== Segment start ==
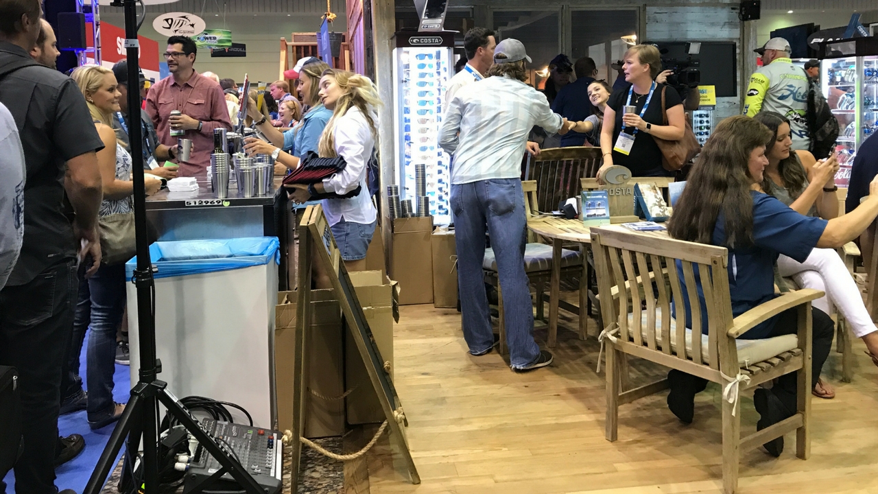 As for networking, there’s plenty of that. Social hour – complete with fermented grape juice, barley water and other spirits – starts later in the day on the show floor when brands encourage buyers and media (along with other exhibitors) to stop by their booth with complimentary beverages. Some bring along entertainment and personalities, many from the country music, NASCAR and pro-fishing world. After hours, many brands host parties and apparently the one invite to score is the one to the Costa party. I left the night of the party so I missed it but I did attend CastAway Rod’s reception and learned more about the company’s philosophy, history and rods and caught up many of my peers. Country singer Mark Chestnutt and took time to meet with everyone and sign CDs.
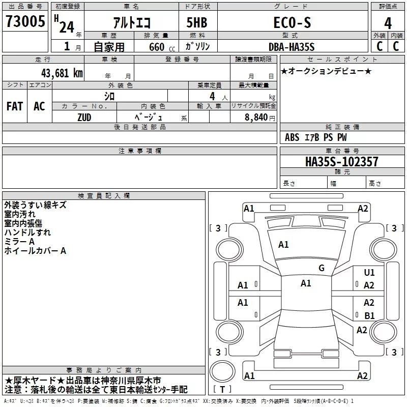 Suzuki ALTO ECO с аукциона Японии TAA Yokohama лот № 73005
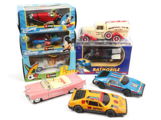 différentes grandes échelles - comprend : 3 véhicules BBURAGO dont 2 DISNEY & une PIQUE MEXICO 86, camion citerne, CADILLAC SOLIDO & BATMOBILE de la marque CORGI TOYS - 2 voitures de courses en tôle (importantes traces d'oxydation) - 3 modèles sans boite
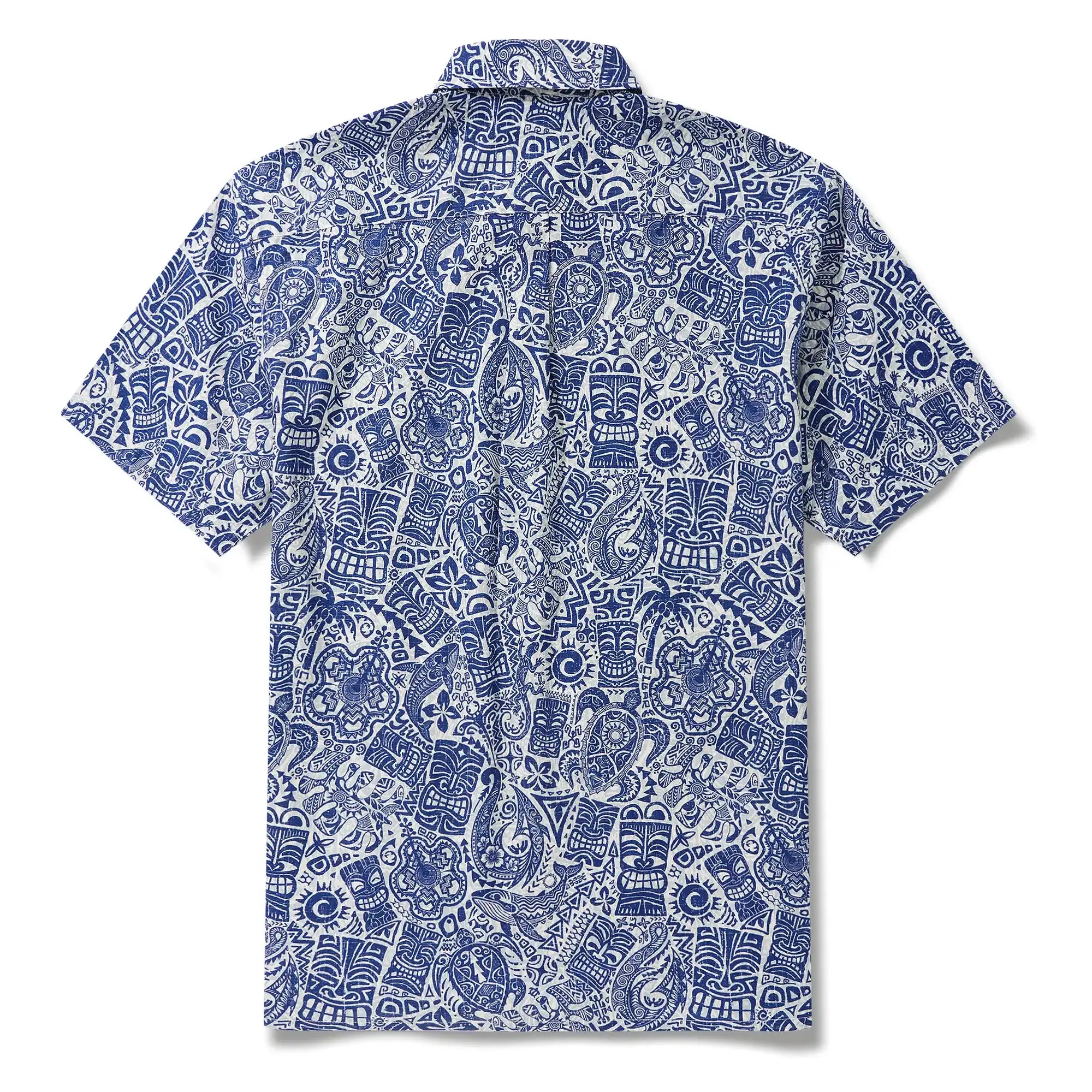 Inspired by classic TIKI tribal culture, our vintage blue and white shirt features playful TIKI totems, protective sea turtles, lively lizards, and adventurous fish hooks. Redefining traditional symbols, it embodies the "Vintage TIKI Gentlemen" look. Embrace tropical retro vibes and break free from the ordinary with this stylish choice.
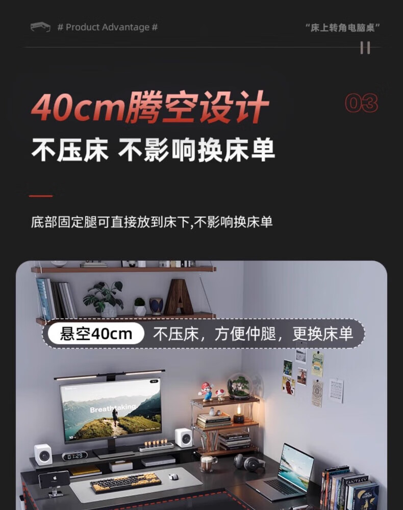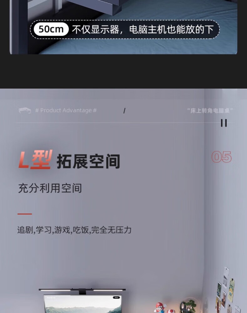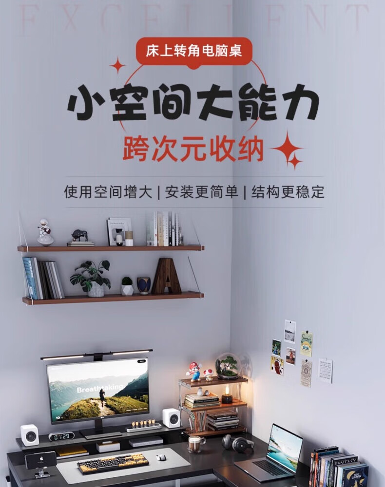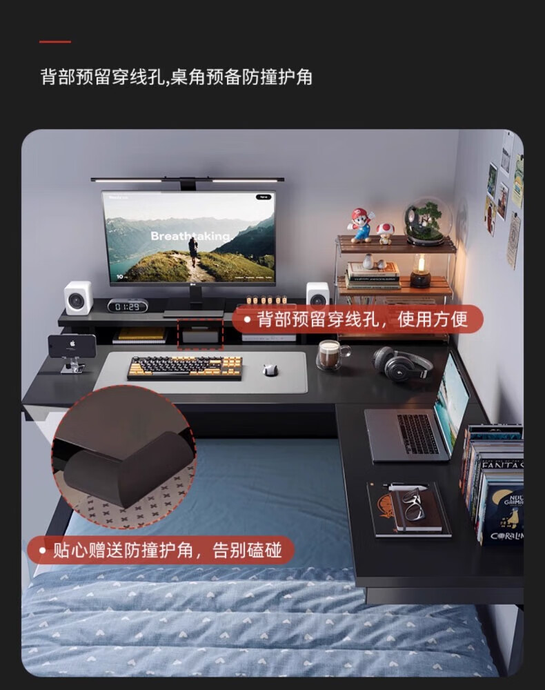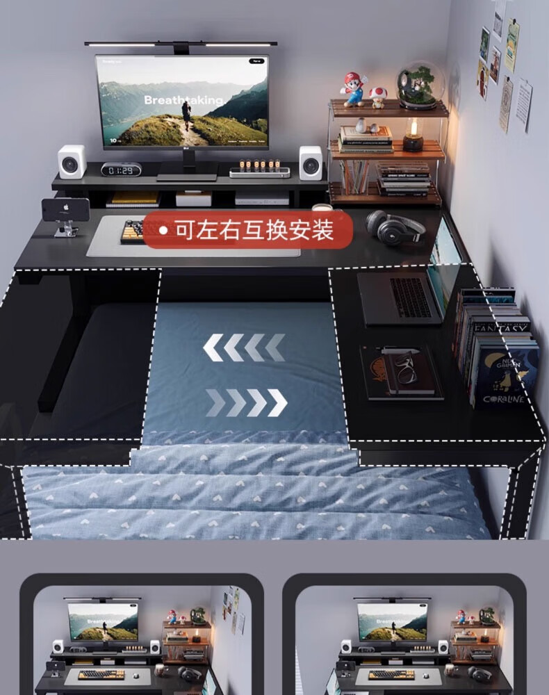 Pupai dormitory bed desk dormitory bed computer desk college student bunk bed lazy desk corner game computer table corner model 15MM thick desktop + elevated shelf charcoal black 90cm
== Segment end ==
== Segment start ==
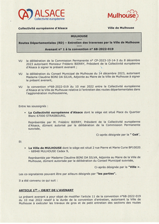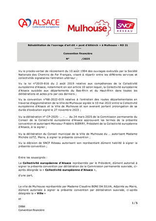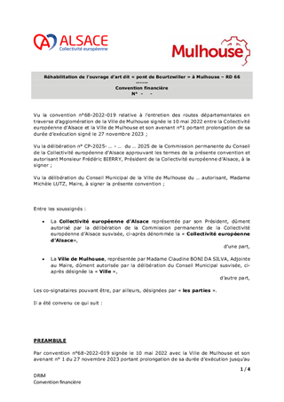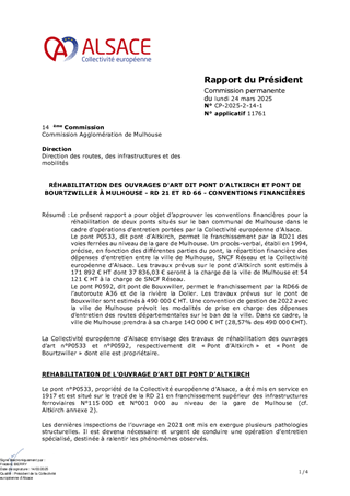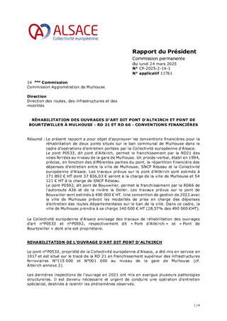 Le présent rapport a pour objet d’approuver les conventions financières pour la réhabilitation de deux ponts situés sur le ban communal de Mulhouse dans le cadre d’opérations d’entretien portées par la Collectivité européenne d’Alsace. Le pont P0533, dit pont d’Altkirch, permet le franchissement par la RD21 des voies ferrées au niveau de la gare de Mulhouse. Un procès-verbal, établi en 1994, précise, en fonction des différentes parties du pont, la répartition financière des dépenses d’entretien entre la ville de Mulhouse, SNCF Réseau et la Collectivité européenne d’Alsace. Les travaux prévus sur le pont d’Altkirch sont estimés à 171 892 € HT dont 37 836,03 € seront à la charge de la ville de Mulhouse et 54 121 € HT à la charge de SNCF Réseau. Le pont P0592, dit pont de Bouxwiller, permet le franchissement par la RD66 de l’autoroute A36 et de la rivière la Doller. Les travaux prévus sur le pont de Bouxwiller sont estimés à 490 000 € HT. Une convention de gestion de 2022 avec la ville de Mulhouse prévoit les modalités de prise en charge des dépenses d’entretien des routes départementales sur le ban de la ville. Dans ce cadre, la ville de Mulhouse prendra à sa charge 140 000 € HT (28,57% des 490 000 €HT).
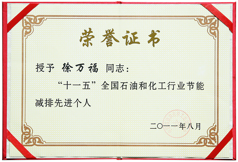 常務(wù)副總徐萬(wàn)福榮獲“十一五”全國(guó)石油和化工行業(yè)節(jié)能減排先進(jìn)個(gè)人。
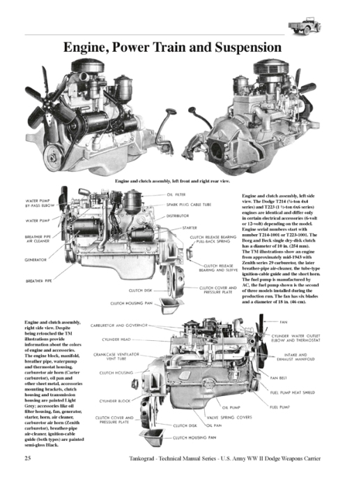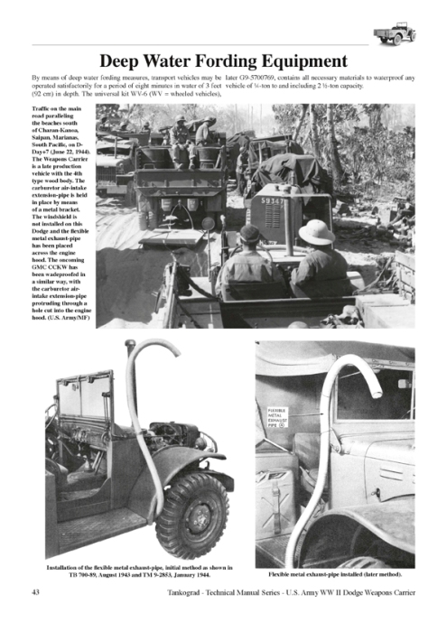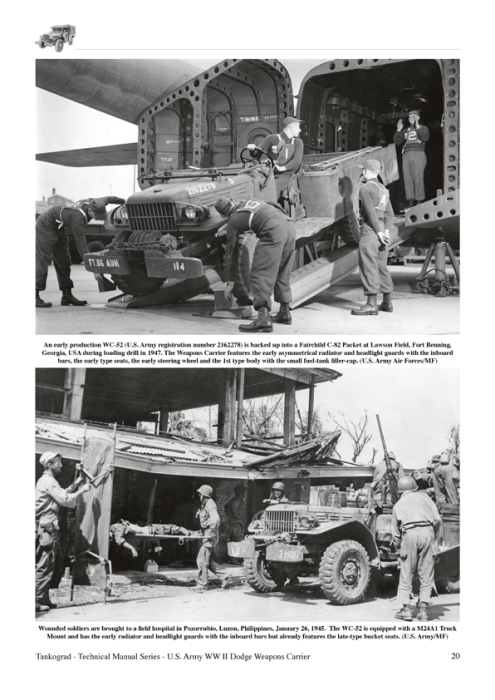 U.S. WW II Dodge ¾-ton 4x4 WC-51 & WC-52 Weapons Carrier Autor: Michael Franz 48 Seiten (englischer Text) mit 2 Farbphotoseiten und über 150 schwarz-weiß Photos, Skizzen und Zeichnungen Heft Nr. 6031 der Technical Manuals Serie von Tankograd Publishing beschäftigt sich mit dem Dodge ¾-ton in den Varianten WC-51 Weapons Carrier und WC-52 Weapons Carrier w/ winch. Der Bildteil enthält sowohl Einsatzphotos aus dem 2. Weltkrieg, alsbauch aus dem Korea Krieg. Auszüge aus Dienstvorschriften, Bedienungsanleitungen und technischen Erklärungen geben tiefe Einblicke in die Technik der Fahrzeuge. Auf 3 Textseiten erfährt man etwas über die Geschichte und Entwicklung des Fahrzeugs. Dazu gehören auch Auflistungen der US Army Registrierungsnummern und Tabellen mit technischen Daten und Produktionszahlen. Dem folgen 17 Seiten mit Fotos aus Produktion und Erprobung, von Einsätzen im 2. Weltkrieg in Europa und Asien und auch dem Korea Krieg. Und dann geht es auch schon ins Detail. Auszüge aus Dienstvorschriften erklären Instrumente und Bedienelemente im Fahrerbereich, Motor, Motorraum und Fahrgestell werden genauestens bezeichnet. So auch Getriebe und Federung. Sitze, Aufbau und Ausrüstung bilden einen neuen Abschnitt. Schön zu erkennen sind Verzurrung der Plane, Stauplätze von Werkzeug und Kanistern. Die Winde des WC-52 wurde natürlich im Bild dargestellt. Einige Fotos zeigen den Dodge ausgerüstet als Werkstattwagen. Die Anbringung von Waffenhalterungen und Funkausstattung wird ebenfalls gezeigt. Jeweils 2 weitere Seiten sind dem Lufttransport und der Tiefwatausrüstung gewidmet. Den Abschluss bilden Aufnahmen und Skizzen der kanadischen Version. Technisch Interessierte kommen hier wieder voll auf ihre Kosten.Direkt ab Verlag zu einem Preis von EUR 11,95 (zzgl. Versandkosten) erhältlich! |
== Segment end ==
**Activity:**
In the entries above, find the line with "As for networking, there’s" and the line with "Inspired by classic". Return exactly those lines and all the ones between them, pictures excluded.

**Solved problem:**
 As for networking, there’s plenty of that. Social hour – complete with fermented grape juice, barley water and other spirits – starts later in the day on the show floor when brands encourage buyers and media (along with other exhibitors) to stop by their booth with complimentary beverages. Some bring along entertainment and personalities, many from the country music, NASCAR and pro-fishing world. After hours, many brands host parties and apparently the one invite to score is the one to the Costa party. I left the night of the party so I missed it but I did attend CastAway Rod’s reception and learned more about the company’s philosophy, history and rods and caught up many of my peers. Country singer Mark Chestnutt and took time to meet with everyone and sign CDs.
 Suzuki ALTO ECO с аукциона Японии TAA Yokohama лот № 73005
 différentes grandes échelles - comprend : 3 véhicules BBURAGO dont 2 DISNEY & une PIQUE MEXICO 86, camion citerne, CADILLAC SOLIDO & BATMOBILE de la marque CORGI TOYS - 2 voitures de courses en tôle (importantes traces d'oxydation) - 3 modèles sans boite
 Inspired by classic TIKI tribal culture, our vintage blue and white shirt features playful TIKI totems, protective sea turtles, lively lizards, and adventurous fish hooks. Redefining traditional symbols, it embodies the "Vintage TIKI Gentlemen" look. Embrace tropical retro vibes and break free from the ordinary with this stylish choice.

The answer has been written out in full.